SS-31 (Elamipretide) is a widely utilized peptide in preclinical research focused on pathologies underpinned by mitochondrial dysfunction. Its targeted mechanism makes it an ideal tool for investigating the causal links between mitochondrial health and cellular viability across a spectrum of biological models.

In cardiovascular research, SS-31 has been extensively studied in in vivo and ex vivo models of ischemia-reperfusion (I/R) injury. Laboratory investigations in models of myocardial infarction have explored its potential to reduce infarct size, preserve cardiac function, and mitigate apoptosis in cardiomyocytes by maintaining mitochondrial integrity during the oxidative burst that occurs upon reperfusion. Similar studies have been conducted in models of renal I/R injury, examining its effects on preserving kidney structure and function by protecting tubular epithelial cells from mitochondrial-led necrosis and apoptosis.

Neuroscience represents another major area of SS-31 research. It has been investigated in numerous animal models of neurodegenerative diseases, including those mimicking Alzheimer's disease, Parkinson's disease, and Huntington's disease. These studies typically assess its capacity to protect neurons from oxidative stress, improve synaptic function, and enhance mitochondrial bioenergetics within the central nervous system. Research has also been conducted in models of age-related cognitive decline, where SS-31 is used to probe the hypothesis that restoring mitochondrial function can ameliorate deficits in learning and memory.

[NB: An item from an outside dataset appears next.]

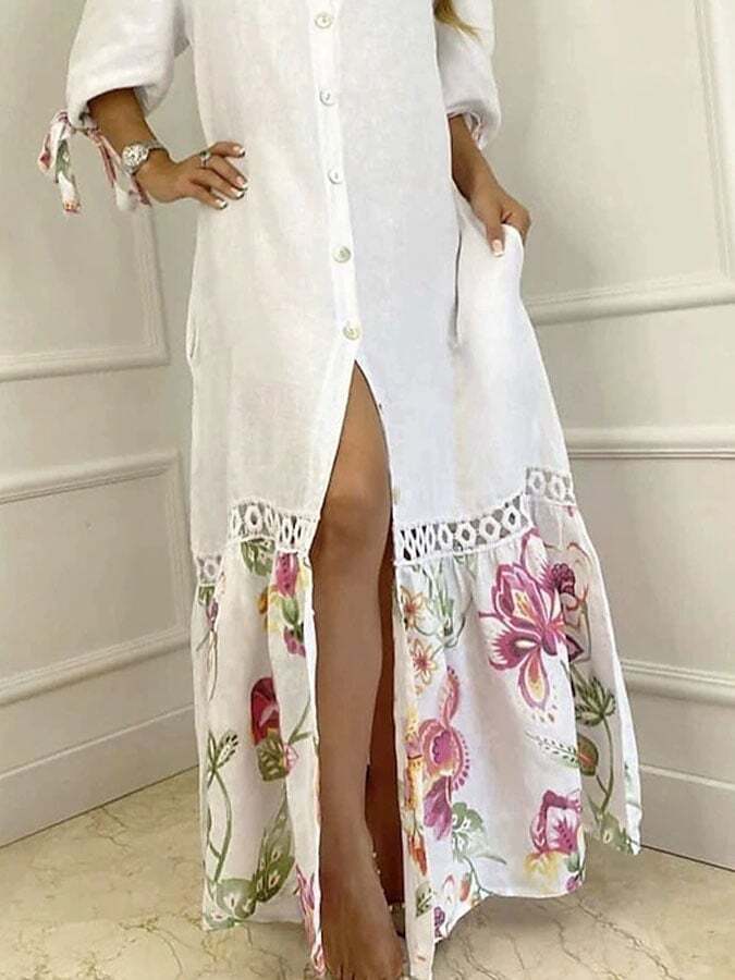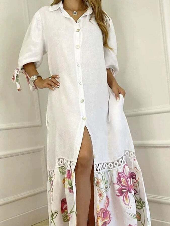 Women's Casual Floral Printed Paneled 3/4 Sleeve Shirt Dress

Ophthalmology research has employed SS-31 in models of diseases where retinal cells are vulnerable to metabolic and oxidative stress, such as age-related macular degeneration (AMD), glaucoma, and diabetic retinopathy. Investigators have studied its ability to protect retinal ganglion cells and photoreceptors, preserve mitochondrial structure in the optic nerve, and maintain retinal function in the face of pathological insults. These studies provide insight into the role of mitochondrial bioenergetics in maintaining visual health.

Within the field of metabolic research, SS-31 has been applied to models of diabetic complications, particularly diabetic nephropathy. Preclinical studies have examined its effects on preserving the function of podocytes and other renal cells, reducing albuminuria, and preventing the progression of kidney fibrosis by targeting mitochondrial ROS production. Furthermore, in the study of aging biology (geroscience), SS-31 is a key compound for investigating sarcopenia. Research in aged animal models has explored its potential to improve skeletal muscle mitochondrial ATP production, enhance physical endurance, and preserve muscle fiber integrity, offering a molecular tool to dissect the role of mitochondria in age-related muscle decline. All applications are strictly for laboratory-based, non-human research.